A Jewish rabbi and therapist named Edwin Friedman, who specialized in family systems theory and applying that theory to congregational life, published a series of modern-day parables called “Friedman’s Fables” in the early 1990s. These parables were designed to open our eyes to the dynamics of unhealthy relationships within families or congregations. I’d like to share one of them with you today, because they are a sort of modern equivalent to Nathan’s use of a parable to help David to see his sin. This one is called “A Nervous Condition,” and it may give some of you an experience of what David must have felt when he realized he was the rich man in Nathan’s parable. See if you can see yourself or anyone you know in this fable:

[Read “A Nervous Condition,” from Edwin H. Friedman, Friedman’s Fables (New York: Guilford Press, 1990). I'm not sure whether it would violate copyright rules to post the story in its entirety here in written form, so I'm not posting it. But you can hear the whole story if you listen to the audio file of the sermon, linked above.]

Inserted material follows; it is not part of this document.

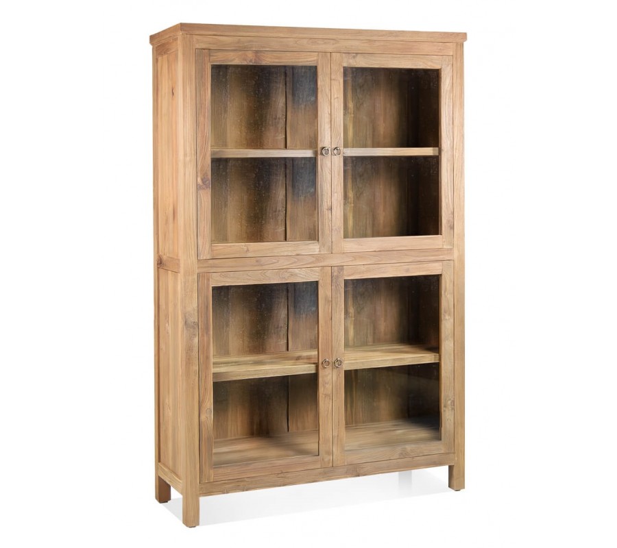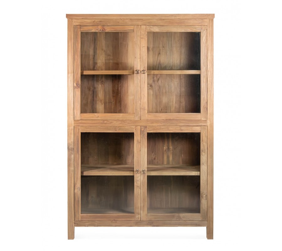Luxusná vidiecka štvordverová vitrína Tulum z masívneho teakového dreva v svetlej hnedej farbe s presklennými dvierkami 182 cm

The discussion questions included in the back of the book summarize this fable with the following moral: “Beware the insensitivities of the sensitive.” Having always been a very sensitive person from the time I was a child, this parable probably hit me as hard as Nathan’s story hit David when I first read it many years ago. My eyes were suddenly opened as to how my sensitivity could have a negative impact on others. I have since done a lot of internal work to try to recognize when my sensitivity may be inadvertently hurting others, and to claim responsibility for my own feelings rather than blaming my state of mind or reactions on others.

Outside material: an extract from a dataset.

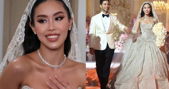 Váy cưới của Tiên Nguyễn được đặt thiết kế riêng ở nước ngoài rồi vận chuyển về Việt Nam Trong tiệc cưới, Tiên Nguyễn xuất hiện lộng lẫy với chiếc váy cưới đính hàng nghìn viên pha lê và đá quý, được thiết kế riêng theo đúng tinh thần Bridal Couture của Jimmy Choo.

Friedman’s basic thesis in all of his family therapy and congregational work is that a system – whether it be a family, a workplace, a congregation, or a country – is only as healthy as its leaders, and that the key to successful leadership is not learning how to manage one’s children or employees or parishioners or constituents, but learning how to manage oneself. If we are able to become differentiated – that is, to become defined by our own sense of identity that comes from a place of deep internal conviction rather than being defined by the feelings, opinions, and reactions of others – then we automatically have a positive effect on the system, even without directly trying to change anything about it. Friedman suggests that sometimes rather than taking the “problem child” or “problem person” into therapy, if the person who sees the problem in others can begin to work on themselves, their own internal work can change the system enough so that the “problem person” begins to change even without making any intentional effort themselves. It is an illustration of Jesus’s advice in the Sermon on the Mount: “Why do you see the speck in your neighbor’s eye, but do not notice the log in your own eye? Or how can you say to your neighbor, ‘Let me take the speck out of your eye,’ while the log is in your own eye? You hypocrite, first take the log out of your own eye, and then you will see clearly to take the speck out of your neighbor’s eye.” In other words, if you want others to address their faults, work first on addressing your own.

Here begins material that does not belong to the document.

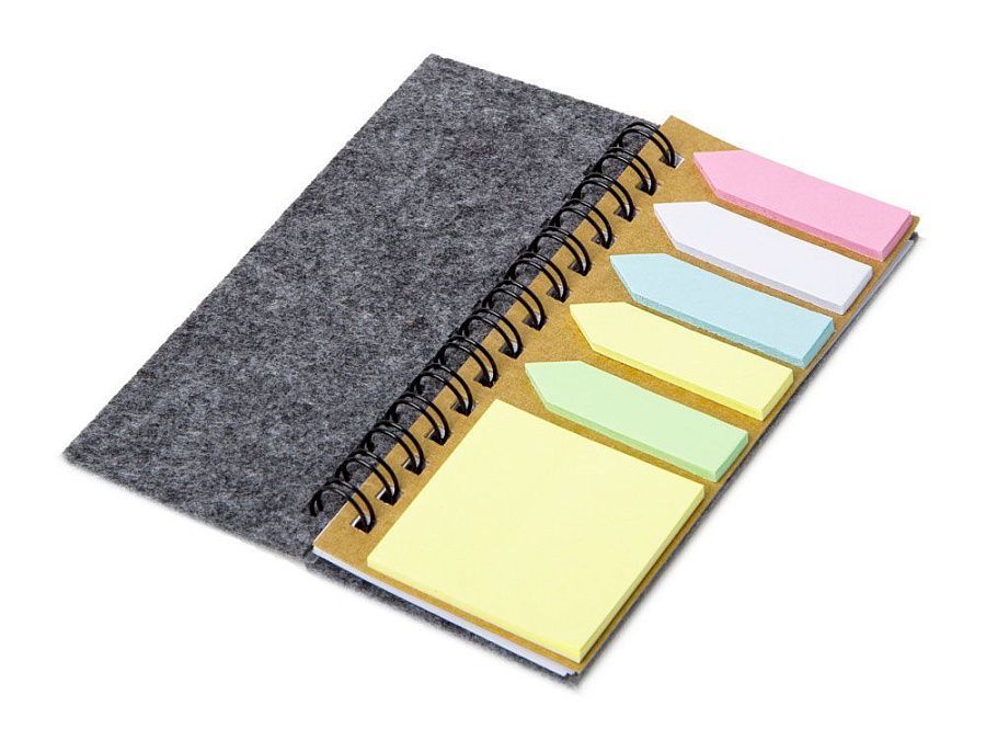 Небольшой, но функциональный блокнот со стикерами, линейкой и листами для записи идей «на ходу». Поместится в карман и даже самую маленькую дамскую сумочку. Обложка из RPET-фетра делает его износостойким и не марким.

The work of faith is the work of serious reflection and self-examination. While we are called to work for reconciliation and peace and justice and righteousness in the world around us, that work must first start with ourselves. The old cliché about “Let there be peace on earth, and let it begin with me” has more truth to it than we realize. Or the one about “charity begins at home.” One way we can all work to change the world is to work on changing ourselves. It’s the only thing we really can change, after all. So as our eyes are opened to the faults in others, let us see that as an invitation to look more closely at the faults in ourselves. With much prayer and discernment, and with the help of a trusted guide like a therapist or spiritual director, we can change the world, one repentant sinner at a time.